Questions gotten wrong Flashcards
Which tasks are the customer’s responsibility according to the AWS shared responsibility model? (Select TWO.)
- Patch the OS that AWS Lambda functions use.
- Install patches on Amazon RDS DB instances
- Control physical access to the data center that contains a customer’s VPC
- Configure IAM users according to the principle of least privilege
- Configure an Amazon S3 bucket to allow public access.
- Configure IAM users according to the principle of least privilege
AWS provides AWS Identity and Access Management (IAM) as a service. The customer defines IAM users and the access policies that apply to those users. - Configure an Amazon S3 bucket to allow public access.
The customer determines access permissions to S3 buckets that the customer owns.
A company wants to establish a consistent and private connection from the company’s on-prem data center to the AWS Cloud
Which AWS service will meet theses requirements?
AWS Direct Connect
Direct Connect links your internal network to a Direct Connect location through a standard Ethernet fiber-optic cable. One end of the cable connects to your router. The other end of the cable connects to a Direct Connect router. AWS Direct Connect is consistent and private because your company is the only user of the cable.
A company has an on-prem Linux-based server with an Oracle DB that runs on it. The company wants to migrate the DB server to run on an Amazon EC2 instance in AWS.
Which service should the company use to complete this migration?
AWS Application Migration Service (AWS MGN)
AWS MGN is an automated lift-and-shift solution. This solution can migrate physical servers and any databases or applications that run on them to EC2 instances in AWS.
Which statement best describes security groups?
- They are stateful and deny all inbound traffic by default.
- They are stateful and allow all inbound traffic by default.
- They are stateless and deny all inbound traffic by default
- They are stateless and allow all inbound traffic by default.
They are stateful and deny all inbound traffic by default.

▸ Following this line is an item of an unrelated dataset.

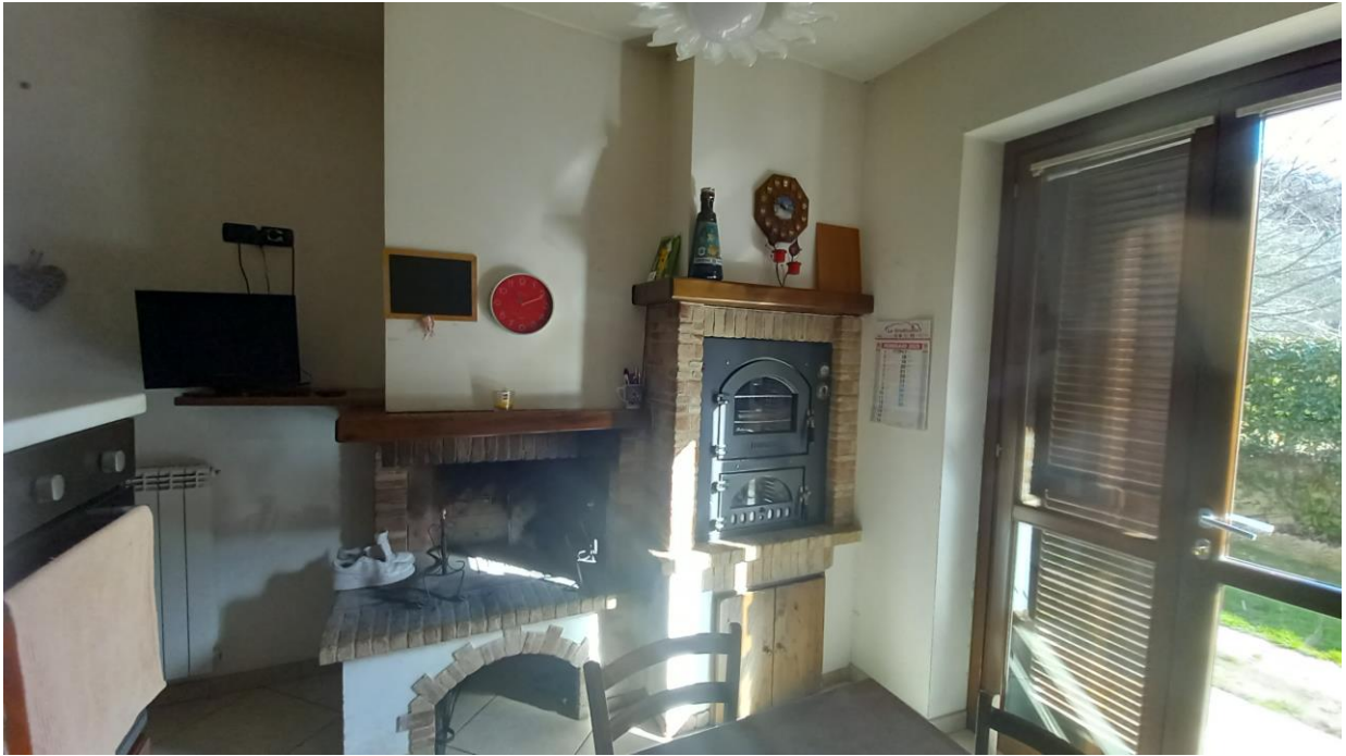
Foto n. 11 - cucina

Security groups are stateful. This means that they use previous traffic patterns and flows when evaluating new requests for an instance.
By default, security groups deny all inbound traffic, but you can add custom rules to fit your operational and security needs.

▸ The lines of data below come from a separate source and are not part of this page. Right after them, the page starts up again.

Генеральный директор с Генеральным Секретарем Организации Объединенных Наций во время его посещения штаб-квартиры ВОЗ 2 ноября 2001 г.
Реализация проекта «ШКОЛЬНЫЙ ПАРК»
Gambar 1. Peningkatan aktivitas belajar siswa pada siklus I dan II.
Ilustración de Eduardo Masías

Which statement or statements are TRUE about Amazon EBS volumes and Amazon EFS file systems?
- EBS volumes store data within a single Availability Zone. Amazon EFS file systems store data across multiple Availability Zones.

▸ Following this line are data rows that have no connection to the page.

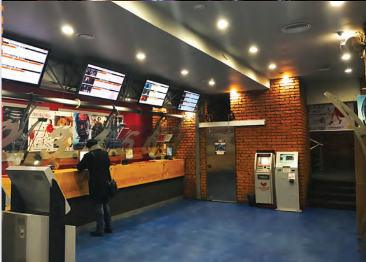
Кинотеатр «Пять звезд-Павелецкая»

редачки готовых видеоматериалов заказчику, оперативно отслеживать их качество. В определенной мере это решение повлияло и на объем сделок, техническую сторону которых «Парадиз» теперь решает оперативно благодаря новому департаменту. В планах – расширение функциональности Департамента обработки, хранения и доставки цифровых материалов.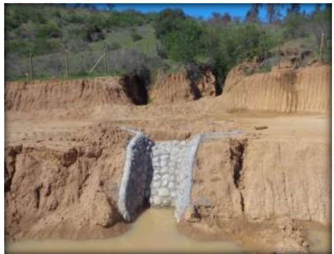
Descarga a canal Tipo 1A, Km 25,990.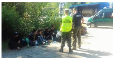
zatrzymani imigranci z Wietnamu

więcej osób), w 9 przypadkach strażnicy graniczni zatrzymali również organizatorów przerzutu.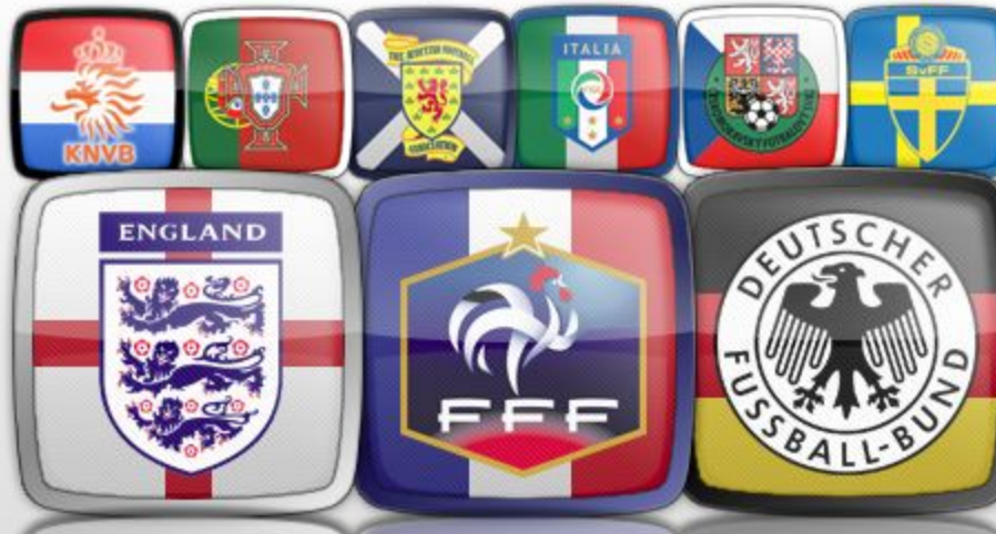
Nations - Europe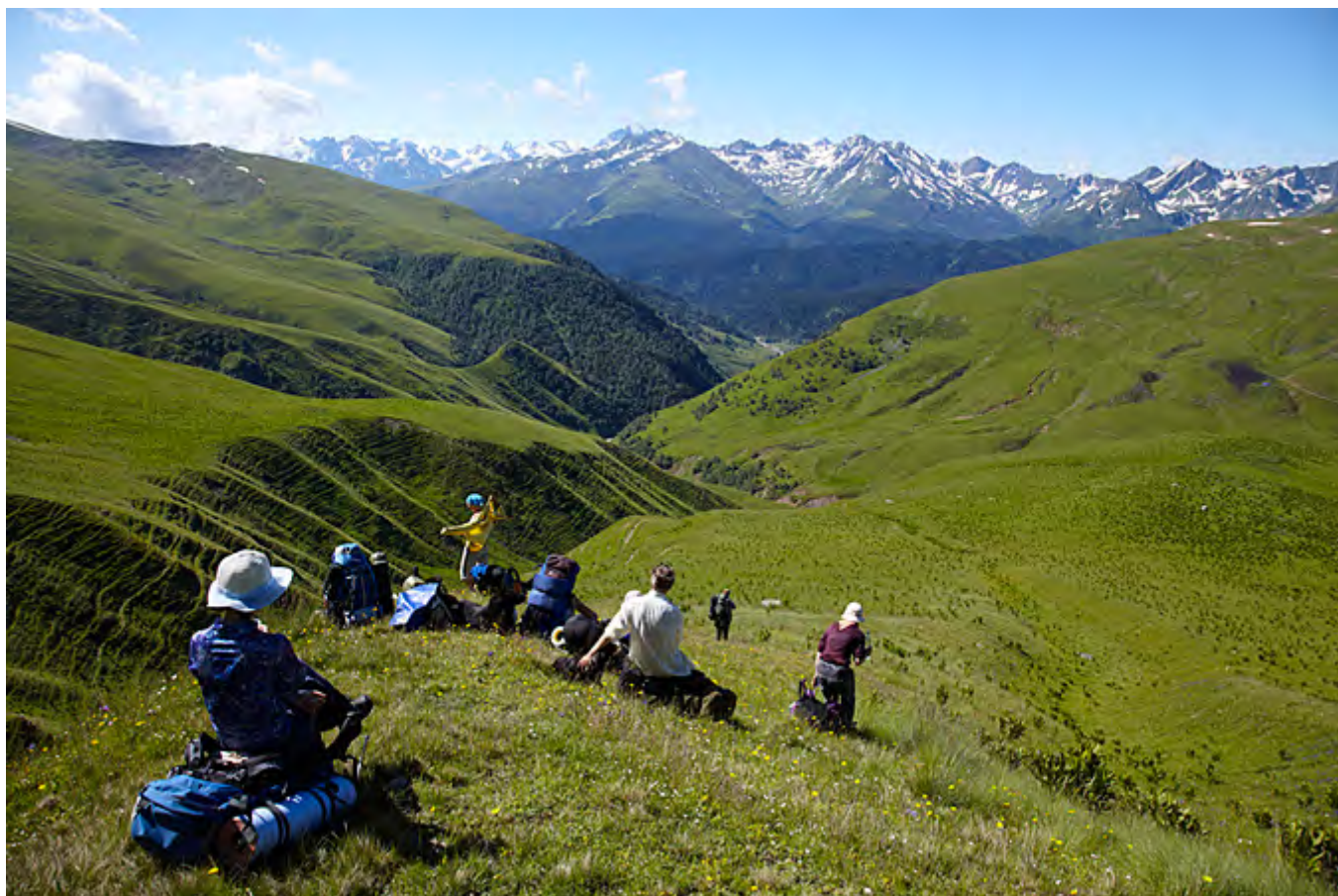
На перевал Речепста сн-ос (1А, 3000м) выходим в 10:30 часов.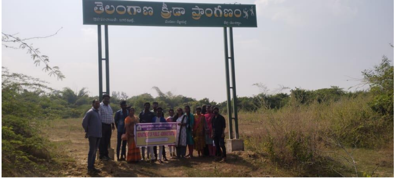
Budakalan GramaPanchayat Telangana Kreedha Pranganam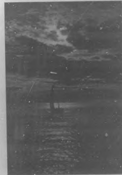
Noche de luna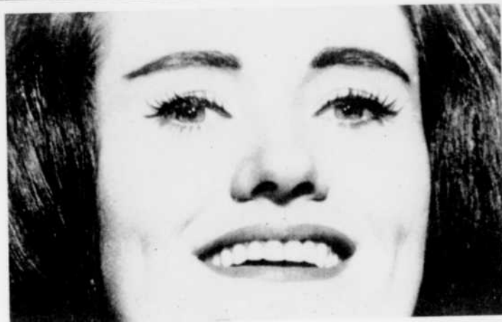
Joan Sutherland à "L'Opéra du Metropolitan"

12.00—Résumé Lecture de l'horaire détaillé de l'après-midi. 12.02—Tourbillon 1.00—Nouveaux disques Présentés par Lionel Daunais.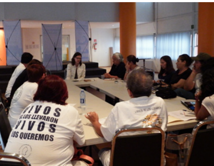
Organizaciones civiles y embajada de Estados Unidos abordan problemática de desapariciones forzadas en reunión facilitada por PBI, Ciudad de México

Durante el 2014, el trabajo de cabildeo de PBI se ha enfocado en abrir espacios de diálogo y canales de comunicación entre la sociedad civil mexicana y las autoridades mexicanas, el cuerpo diplomático y la comunidad internacional con el fin de garantizar la integridad física y psicológica de personas defensoras de derechos humanos en México. Los esfuerzos de esta incidencia se han concentrado, sobre todo, en tres áreas temáticas: (1) Empresas y Derechos Humanos, (2) Seguridad, Justicia e Impunidad e (3) Implementación de las Medidas de Protección.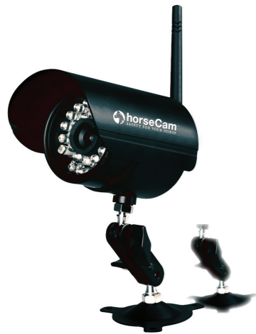
CÁMARA VISIÓN NOCTURNA INALÁMBRICA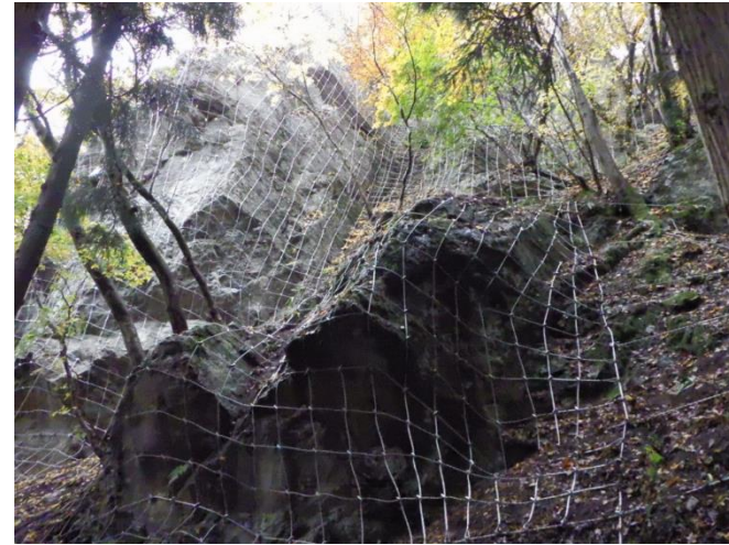
下郷町小沼崎地内

令和2年度は、ロープネット工等の整備を進めました。令和3年度は引き続き工事を進め、工区完了を目指します。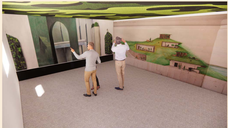
營舍展示空間模擬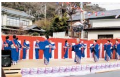
吾妻さんよさこいパレードにて

さまざまな団体・スポーツ が増えているなか、当協会では 盆踊りやよさこいなど、四 季を通して行事にちなんだ曲 を踊っています。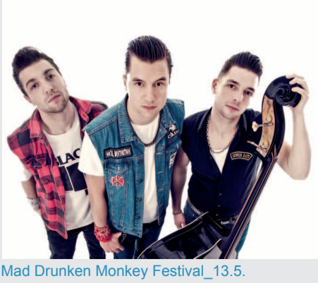
Mad Drunken Monkey Festival_13.5.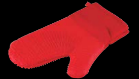
Glove silicone Γάντι σιλικόνης 4945013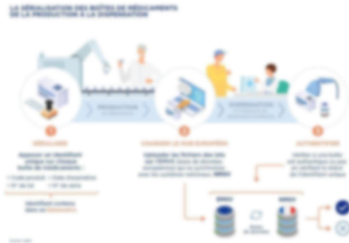
Figure 3 : Schéma de la sérialisation de la production à la dispensation (37)

En conclusion, tous les acteurs de la chaîne du médicament doivent collaborer et s'adapter pour mettre en œuvre efficacement les nouvelles mesures européennes liées à la sérialisation des médicaments.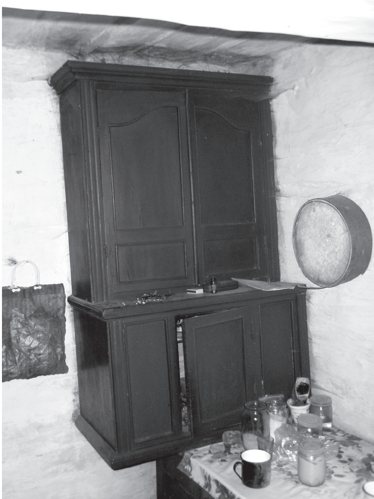
Фото 6. «Мысник» закрытого типа в избе кон. XIX в.; с. Крычильськ Сарненского р-на Ровенской обл.

- EBS volumes store data across multiple Availability Zones. Amazon EFS file systems store data within a single Availability Zone.
- EBS volumes and Amazon EFS file systems both store data within a single Availability Zone.
- EBS volumes and Amazon EFS file systems both store data across multiple Availability Zones.
- EBS volumes store data within a single Availability Zone. Amazon EFS file systems store data across multiple Availability Zones.